In this assignment we perform some analysis of the 504-document HTML test corpus, and introduce some concepts related to document clustering.

A similarity matrix is defined as a matrix in which entry i,j is the similarity of documents i and j, computed using the cosine score or some other metric. A document is perfectly similar to itself, so the entries on the main diagonal are all 1. Similarity is also symmetric, i.e. sim(i,j) = sim(j,i), so the similarity matrix is upper triangular in form. In this assignment, you'll need to construct a similarity matrix.

Certain clustering algorithms use a similarity matrix to do their work. In hierarchical agglomerative clustering, two objects are merged if their centroids are closer to each other than are the centroids of any other pair of objects. An object could be a single document, or an existing cluster. Note that a document not yet in any cluster is in fact a trivial singleton cluster, with itself as the centroid.
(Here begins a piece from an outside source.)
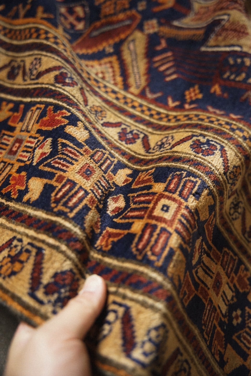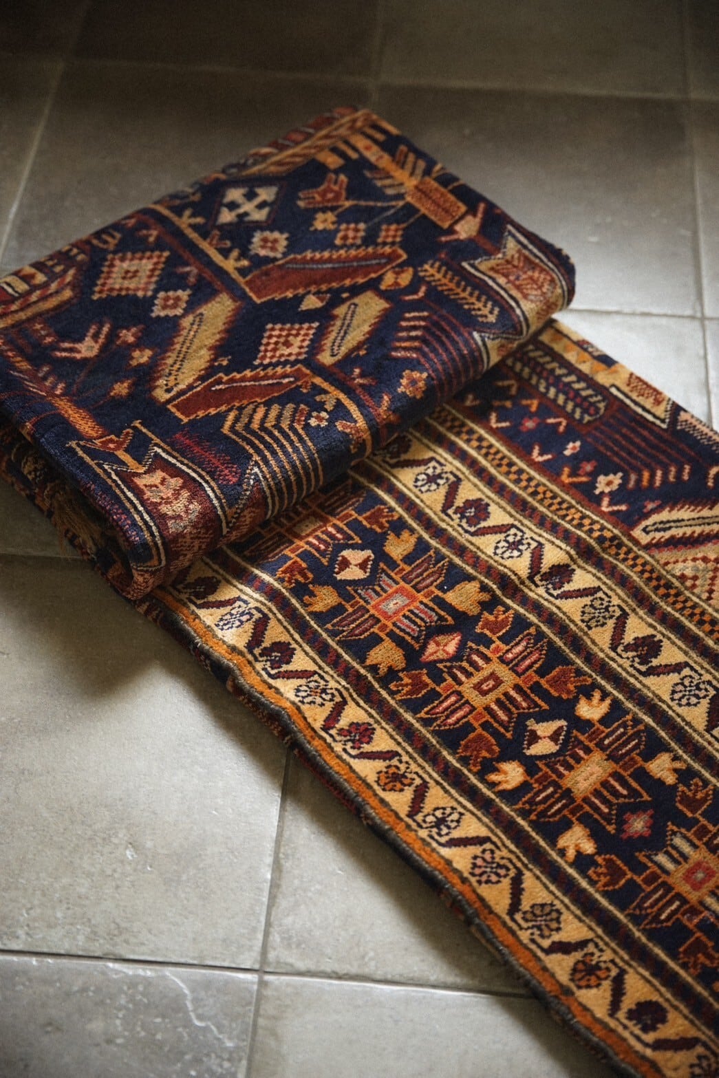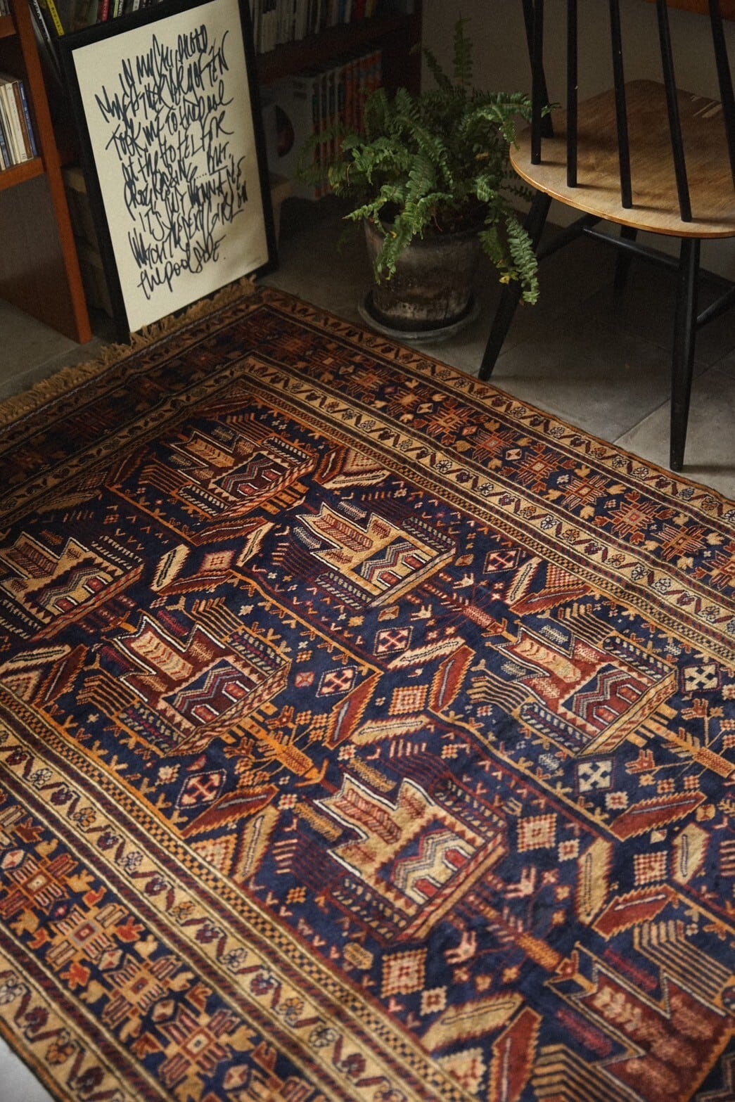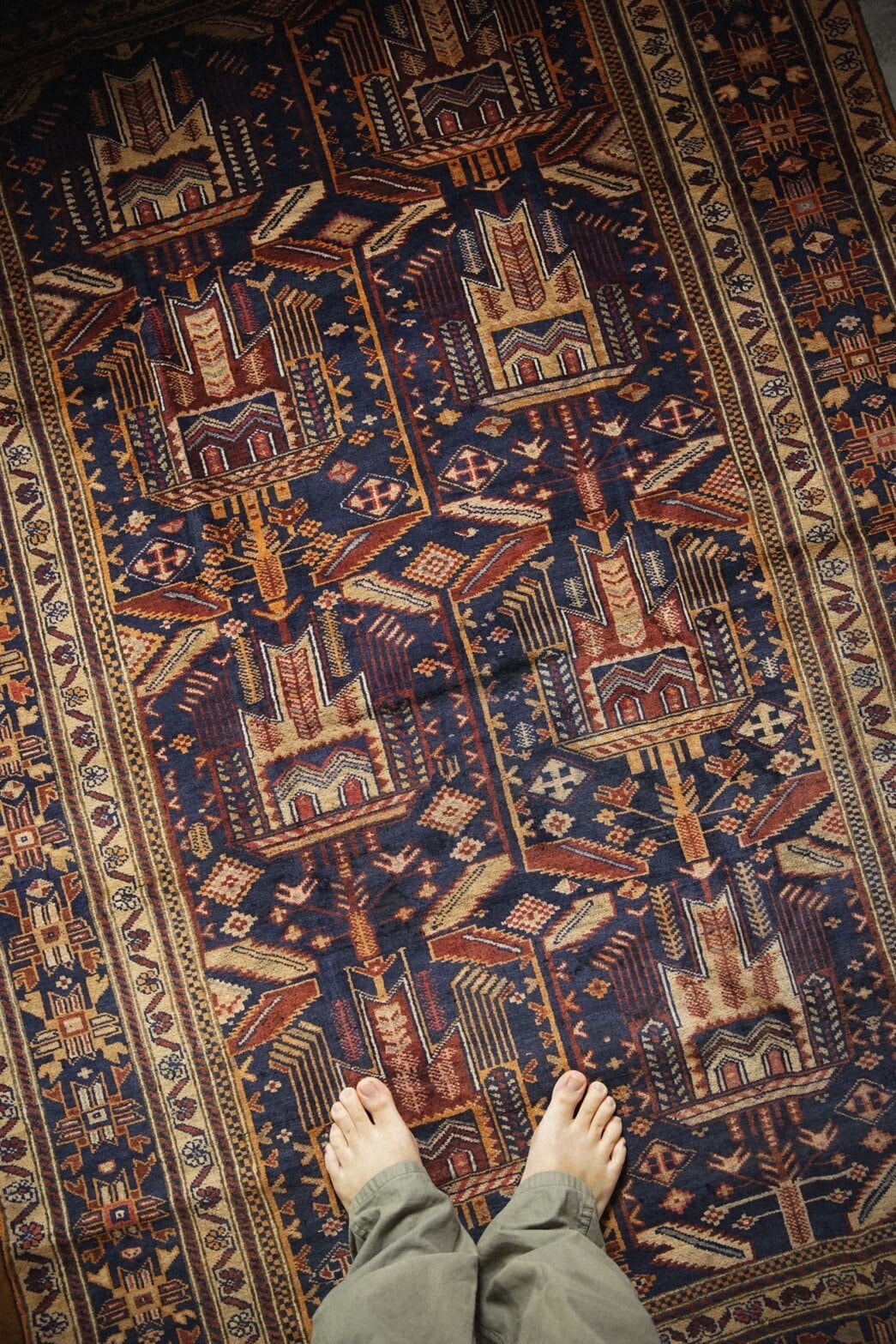 ブルー系のラグをお探しの方、トライブ感のあるモチーフが好きな方、また男性のお部屋にもおすすめの一枚です。

You may assume that the intersection between any two clusters is the empty set.

Your program is to execute agglomerative clustering, using the group average link method. As each step of the algorithm proceeds, indicate which objects are being merged (clustered) together, where again an object can be a single document, or an existing cluster. The clustering will cease when no two clusters (or documents) have similarity greater than 0.4. Clustering is discussed in the textbook, and more information is available online.

Since the output may get lengthy, we'll accept the first 100 lines of output, where the first line shows which two documents are most similar, and are therefore the first to be merged into a cluster.

In your report, you'll need to answer the following questions:
Which pair of HTML documents is the most similar?
Which pair of documents is the most dissimilar?
Which document is the closest to the corpus centroid?

You'll also need to describe your method for giving names to clusters, and explain how you implemented the similarity matrix and any other major data structures you used. Please include listings of your code. As usual, make a zip file and email it to Chi Zhang and me.